**Requirement**
The copy you return should hold only the lines from the top of the data below through the line with "Très bon moment.", each duplicated exactly and with no pictures.

**Data for processing**
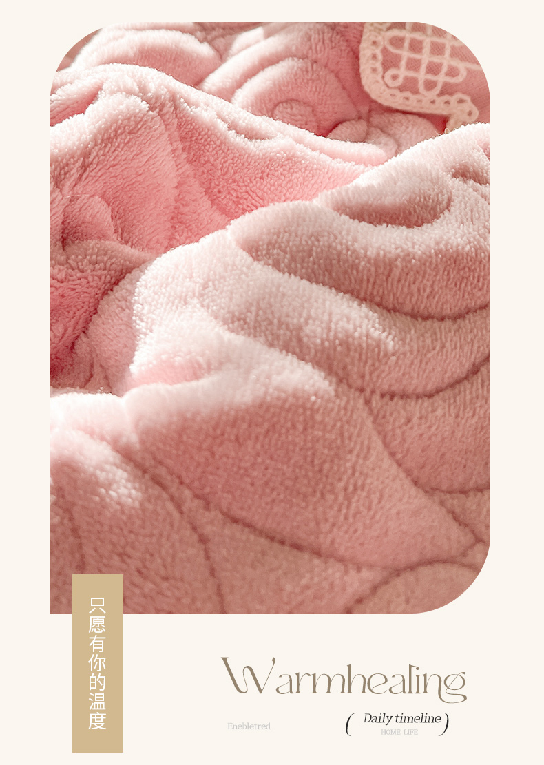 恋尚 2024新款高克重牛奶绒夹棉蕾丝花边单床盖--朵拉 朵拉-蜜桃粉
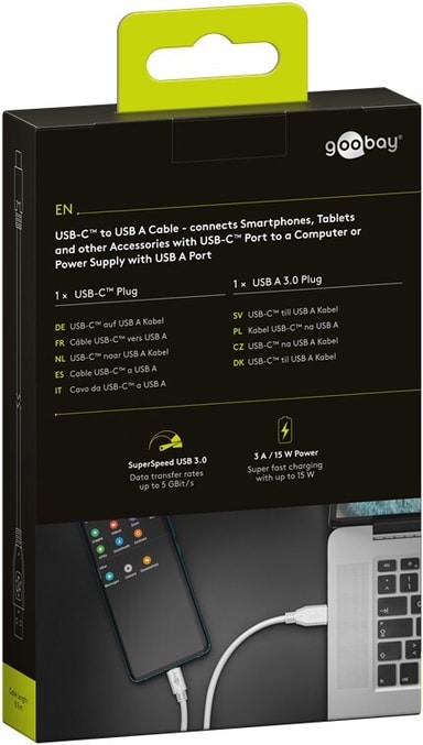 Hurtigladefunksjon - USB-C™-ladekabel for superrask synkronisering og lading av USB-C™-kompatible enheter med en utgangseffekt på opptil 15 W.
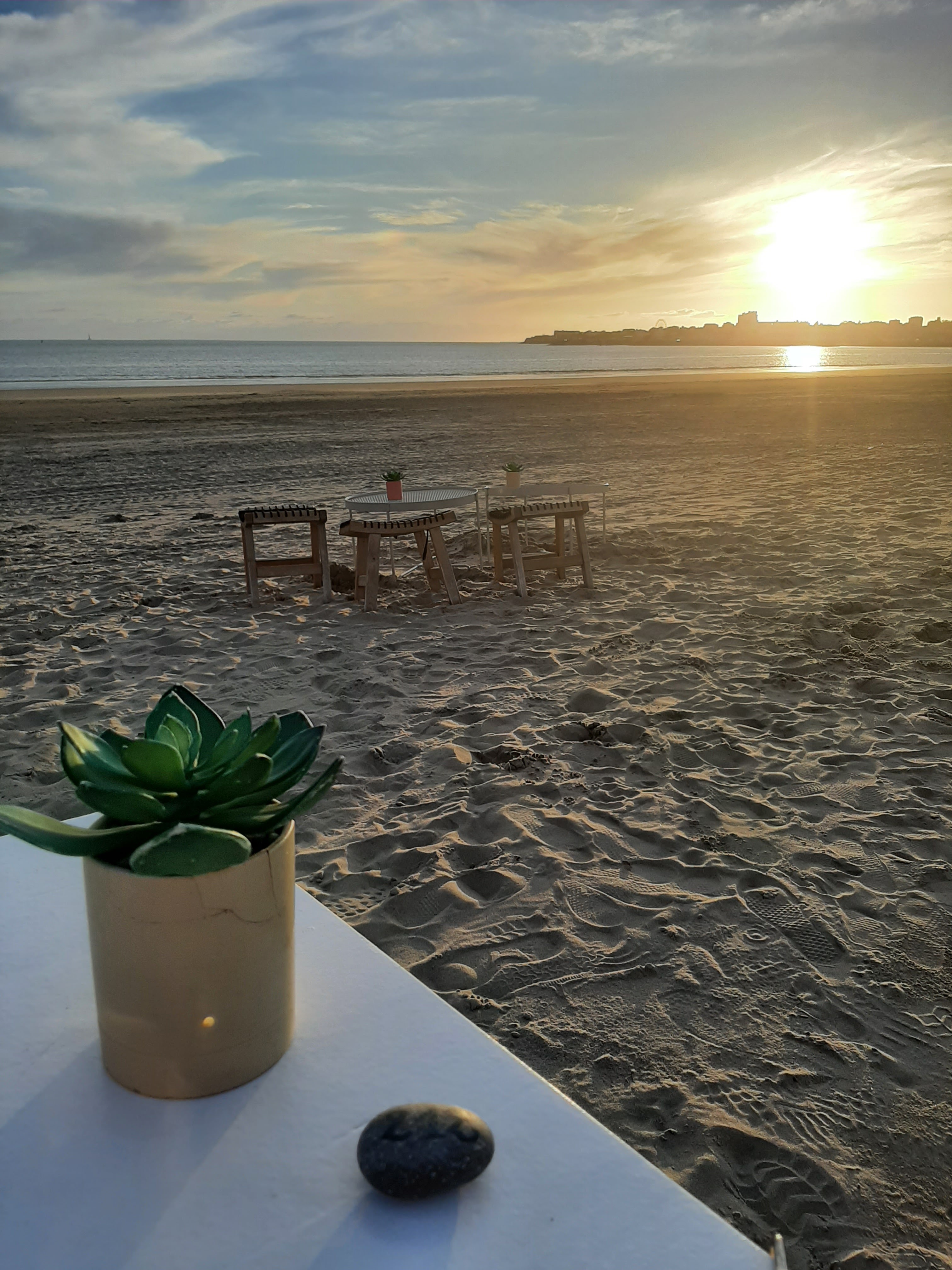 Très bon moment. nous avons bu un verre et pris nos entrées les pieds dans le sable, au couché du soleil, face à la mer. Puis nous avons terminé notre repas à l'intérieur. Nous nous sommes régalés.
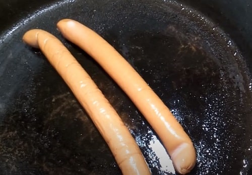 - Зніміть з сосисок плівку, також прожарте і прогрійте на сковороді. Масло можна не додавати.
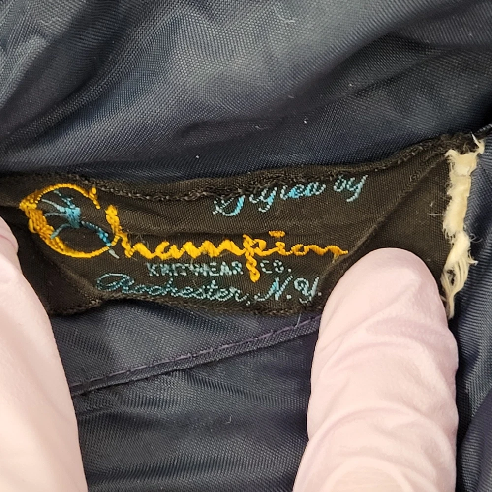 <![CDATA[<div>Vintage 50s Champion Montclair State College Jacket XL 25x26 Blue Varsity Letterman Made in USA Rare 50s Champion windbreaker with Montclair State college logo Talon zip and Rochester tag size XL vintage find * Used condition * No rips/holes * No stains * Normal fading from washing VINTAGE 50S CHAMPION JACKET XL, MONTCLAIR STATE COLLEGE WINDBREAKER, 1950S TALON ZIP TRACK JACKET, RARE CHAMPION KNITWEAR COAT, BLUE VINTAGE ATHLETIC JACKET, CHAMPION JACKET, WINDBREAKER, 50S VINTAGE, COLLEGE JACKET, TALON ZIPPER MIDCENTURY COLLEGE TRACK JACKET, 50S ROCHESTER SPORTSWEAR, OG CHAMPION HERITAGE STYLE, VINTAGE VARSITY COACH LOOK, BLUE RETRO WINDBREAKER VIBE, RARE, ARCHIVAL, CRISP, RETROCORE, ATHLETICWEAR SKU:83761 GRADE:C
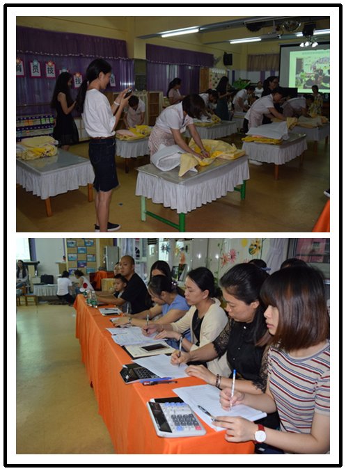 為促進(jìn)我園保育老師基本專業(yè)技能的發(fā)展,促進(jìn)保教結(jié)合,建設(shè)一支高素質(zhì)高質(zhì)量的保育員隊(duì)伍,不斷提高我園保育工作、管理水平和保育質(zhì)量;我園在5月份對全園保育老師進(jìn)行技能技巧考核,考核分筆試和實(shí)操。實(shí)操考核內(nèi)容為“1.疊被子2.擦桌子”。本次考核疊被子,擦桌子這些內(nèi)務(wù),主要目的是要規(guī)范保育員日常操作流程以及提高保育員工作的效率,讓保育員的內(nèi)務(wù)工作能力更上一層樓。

**Solution to the problem**
 恋尚 2024新款高克重牛奶绒夹棉蕾丝花边单床盖--朵拉 朵拉-蜜桃粉
 Hurtigladefunksjon - USB-C™-ladekabel for superrask synkronisering og lading av USB-C™-kompatible enheter med en utgangseffekt på opptil 15 W.
 Très bon moment. nous avons bu un verre et pris nos entrées les pieds dans le sable, au couché du soleil, face à la mer. Puis nous avons terminé notre repas à l'intérieur. Nous nous sommes régalés.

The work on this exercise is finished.